The hazard estimates for locality type are drastically reduced in the multivariate frailty model. The inclusion of EA random effect term accounts for unobserved proneness of individuals within specific EAs which is a locality type in its own right. Therefore, the magnitude of the effect of locality type is reduced in the model that includes EA effect. This is important especially for intervention programs as it indicates the need to focus interventions more in some locality types than others. The lack of striking differences between the model with and without frailty is reassuring since the effect of EA is rarely considered in studies of HIV incidence.

5. Conclusions

Analyses conducted in this paper provide an approach to a complex problem of correlated interval-censored data, where the event time is not observed precisely. The model demonstrates the possibility of multivariate analyses of HIV incident data and also includes frailty effect in this complex model. Inclusion of frailties in the analyses of correlated HIV infection risk at an EA level is of critical programatic value. Evaluation of the impact of HIV intervention programs and their planning relies heavily on incident data. The importance of clustering effect at an enumerator level demonstrates the importance of focusing interventions at key geographical areas.
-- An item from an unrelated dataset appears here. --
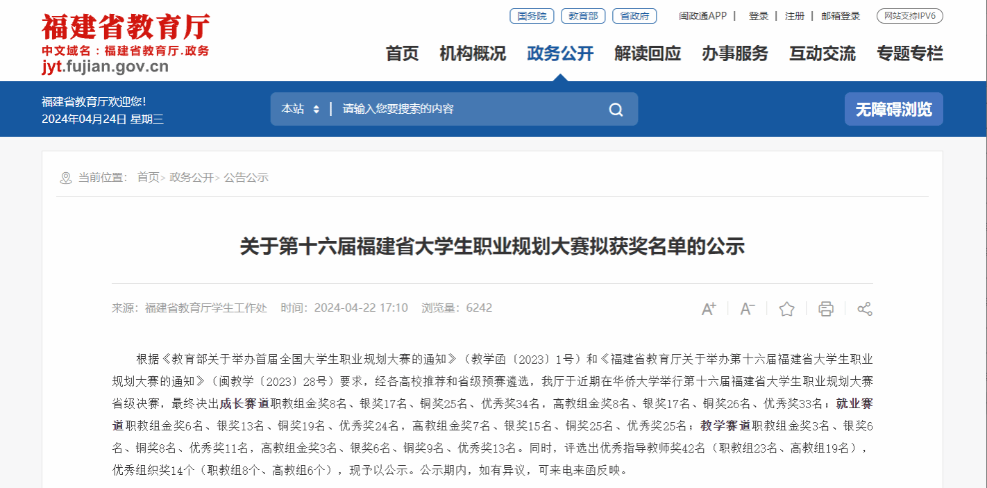 我校在由福建省教育厅主办的第十六届福建省大学生职业规划大赛中获得佳绩。本次大赛首次分设成长赛道、就业赛道、教学赛道,每个赛道分为职教组和高教组。大赛自2023年9月启动以来,全省高校师生参与度高,省内各高校根据分配名额选拔推荐,共有86所高校的302位学生和59位教师入围省级预赛。经专家评审,最终91名学生和16名教师闯入决赛。3月13日-15日,决赛在华侨大学厦门校区举行。

HIV in South Africa is at an epidemic level with considerable geographical variability in HIV distribution with some areas carrying much higher burden at local levels than others [21] . Even in high HIV prevalence areas, there is considerable evidence of localised epidemics [22] . Analyses of data that adjusts for clustering effect provides an opportunity to investigate factors and identify potential geographical areas that contribute disproportionately to the epidemic of HIV. Even after controlling for some important risk factors, the risk of HIV infection varies considerably across EA. The importance of EA frailty term indicates that some geographical areas are at increased risk of HIV infection compared with others. Control measures of HIV should extend further from high-risk individuals to high-risk areas.
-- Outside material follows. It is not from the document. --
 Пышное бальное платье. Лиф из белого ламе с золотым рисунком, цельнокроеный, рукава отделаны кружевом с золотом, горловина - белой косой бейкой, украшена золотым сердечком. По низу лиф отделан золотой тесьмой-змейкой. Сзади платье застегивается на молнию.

In a study conducted at Africa center [23] the hazard of HIV seroconversion was approximately twice higher in people who were currently unmarried but had a partner than among people who were currently married. In our univariate analyses the hazard of HIV seroconversion was approximately three times higher in unmarried. However, in the multivariate model, marital status was excluded due to collinearity with age. Baseline hazard parameters indicated a higher risk of HIV infection at young ages that gradually subsided for older people.

In the estimation phase, Gaussian-Hermite quadratures are used to approximate intractable integrals [24] . The final results are based on six quadrature points. Brillinger and Preisler [25] reported that results did not change much for quadrature points greater than eight. Moreover, even five quadrature points have been considered sufficient [26] [27] . The inherent disadvantage of using large number of quadrature points is the need for strong assumption of normally distributed random effects. For example, ten quadrature points fit a symmetric distribution thus forcing the tails of random effects distribution to be normal.
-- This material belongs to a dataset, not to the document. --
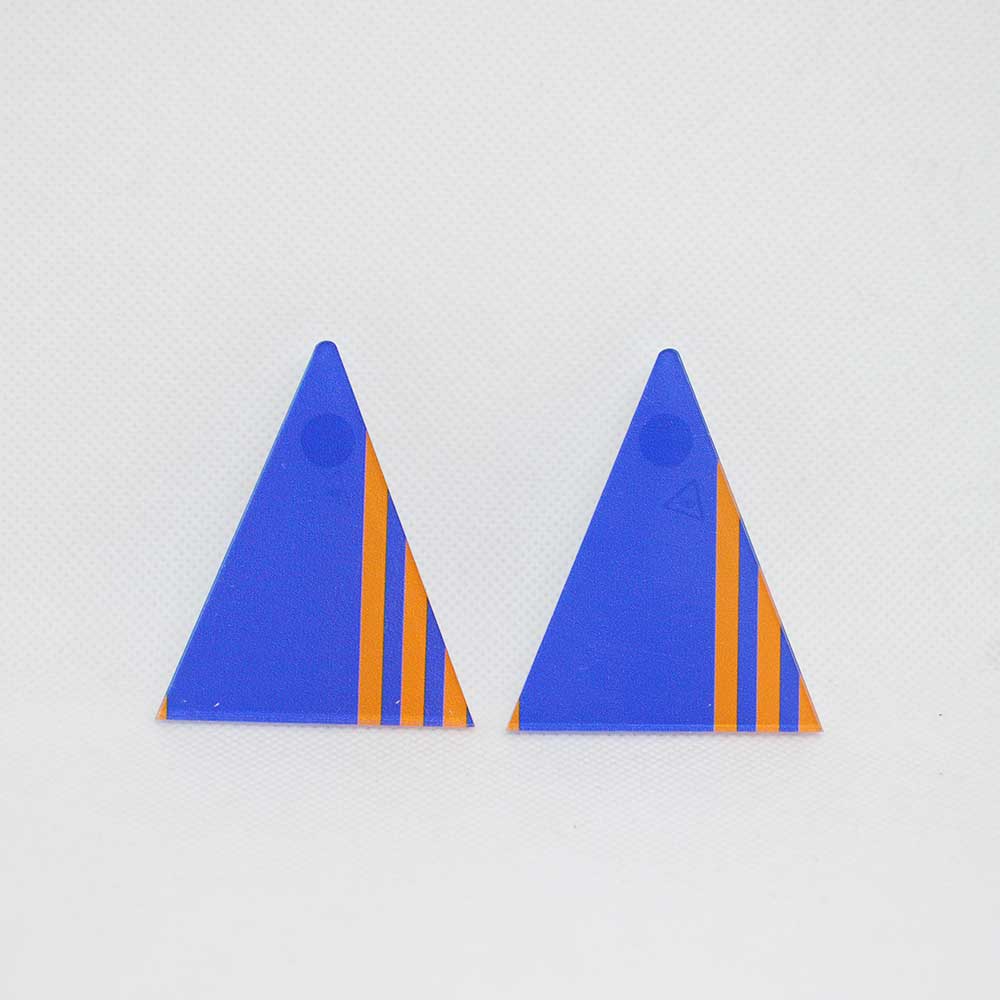 Brincos com riscas laranja em fundo azul, inspirados na Sporty Spice.

In conclusion, the results provide further insight to the understanding of the epidemic of HIV. The models fitted are quite complex. However, the ability of fitting these complex models using the standard software is encouraging.

Acknowledgements

Authors acknowledge generous funding received from Nelson Mandela Foundation, Swiss Agency for Development and Cooperation, USA Centers for Disease Control and Prevention and the Human Sciences Research Council. We wish to thank our colleagues and collaborators who participate in the survey. Finally, we wish to sincerely thank all the people of South Africa who willingly open their doors and give researchers some of the most private information and agree to also provide specimen for HIV testing.